Corriere 27.1.19
«Da ventidue anni poso pietre d’inciampo per ricordare la Shoah»
dal nostro corrispondente Paolo Valentino
L’artista tedesco Demnig: ne ho realizzate 71mila
BERLINO
Gunter Demnig dedicherà all’Italia l’intera Giornata della Memoria e
quelle immediatamente successive. Oggi sarà a Brescia e Lecco per posare
sul selciato stradale nuove pietre d’inciampo, ognuna con inciso il
nome di una vittima del nazismo. Lunedì a Chioggia, Ronchi, Superga del
Lago e Gorizia. Martedì a Trieste. L’artista tedesco continua il
grandioso progetto iniziato nel 1996 e diventato ormai parte integrante
della sua vita, quasi un lavoro a tempo pieno in nome del ricordo e del
risarcimento morale.
A 71 anni, Demnig ha un calendario
affollatissimo, almeno 200 giorni l’anno è in giro per l’Europa, dove
incontra studenti, amministratori locali, parenti delle vittime per
concordare nuove cerimonie di posa. Le sue pietre, coperte da una lamina
d’ottone, sono richieste in tutti i Paesi del Continente e nonostante
lui continui a incastonarle personalmente, da qualche anno un team lo
affianca nell’impresa.
Cos’ha imparato in questi 22 anni, da quando ha iniziato a disseminare pietre d’inciampo per le città d’Europa?
«Ho
imparato che un nome è tutto quello che ci resta per ricordare. È quasi
incredibile che dopo tutto questo tempo e quasi 71 mila pietre, ogni
volta che ne mettiamo una è come la prima volta, la stessa commozione,
lo stesso smarrimento per come tutto questo sia potuto accadere».
Ha incastonato le «formelle della memoria» in 24 Paesi.

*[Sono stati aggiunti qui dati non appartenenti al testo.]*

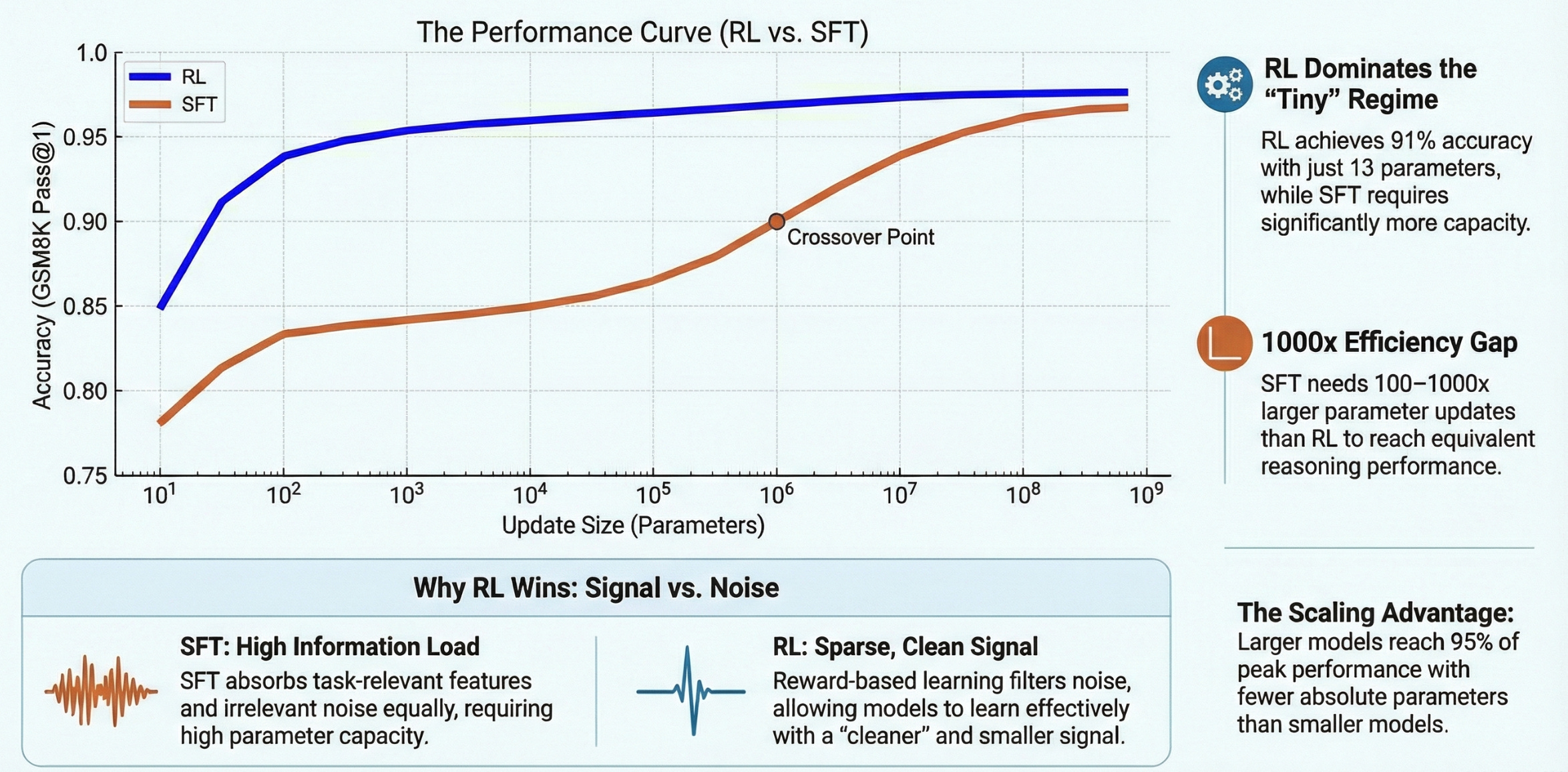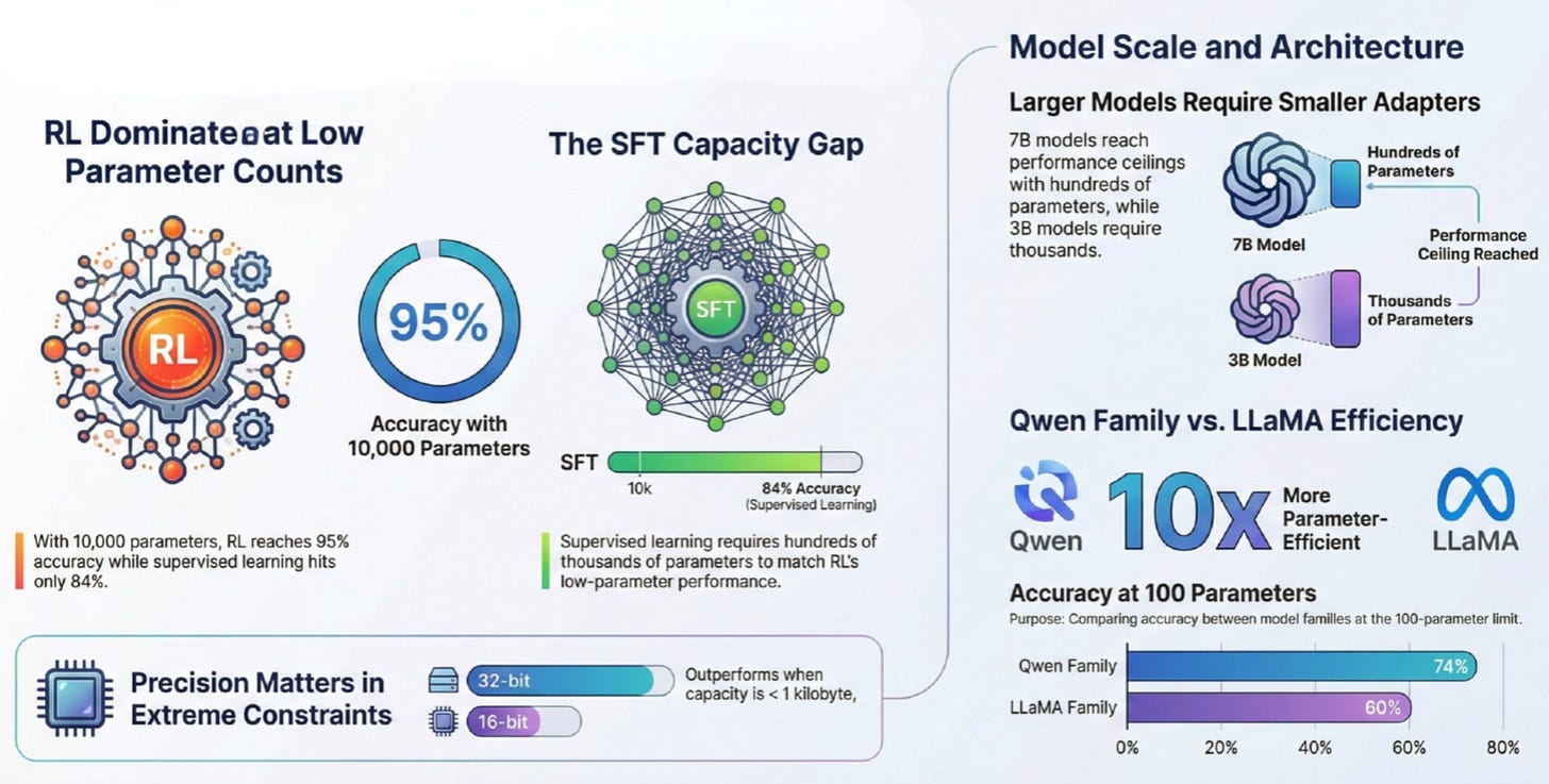 This explains why RL thrives in the ultra-low-parameter regime while supervised learning struggles. RL doesn’t need to memorize solution patterns; it just needs to learn which directions in parameter space increase the probability of reward. That’s a fundamentally simpler learning problem.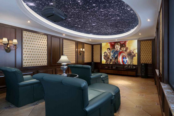 独特的影音室,采用星空顶并搭配着圆形灯池跌级吊顶及石膏线的作用下,可以让我们在观赏影片的同时犹如身处星空一般的感受。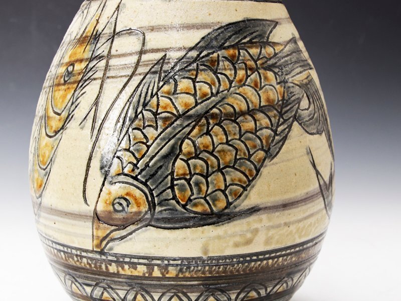 | 【古美味】大迫力!人間国宝 金城次郎 魚海老文大壷 茶道具 保証品 |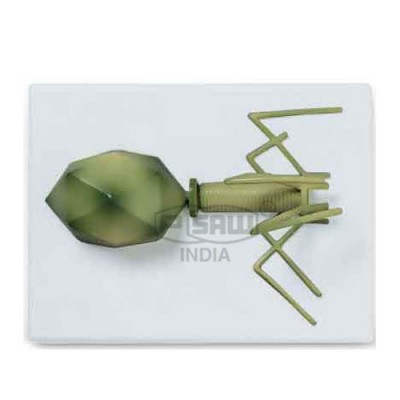 This model, enlarged millions of times, shows the structure of bacteriophage T4, a virus that attaches to the surface of the much larger bacterium Escherichia coli.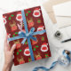 Santa Reindeer Face Mask Dark Red Christmas Wrapping Paper

È stato il benvenuto sempre e dappertutto?
«Naturalmente
no. Ma ho avuto in tutto tre minacce di morte, in fondo poche in
vent’anni. Posso capire che non a tutti piaccia l’iniziativa. A molti
per la semplice ragione che le pietre di fronte a casa loro ricordano a
chi è appartenuta prima. Ma questa è la Storia, tedesca ed europea.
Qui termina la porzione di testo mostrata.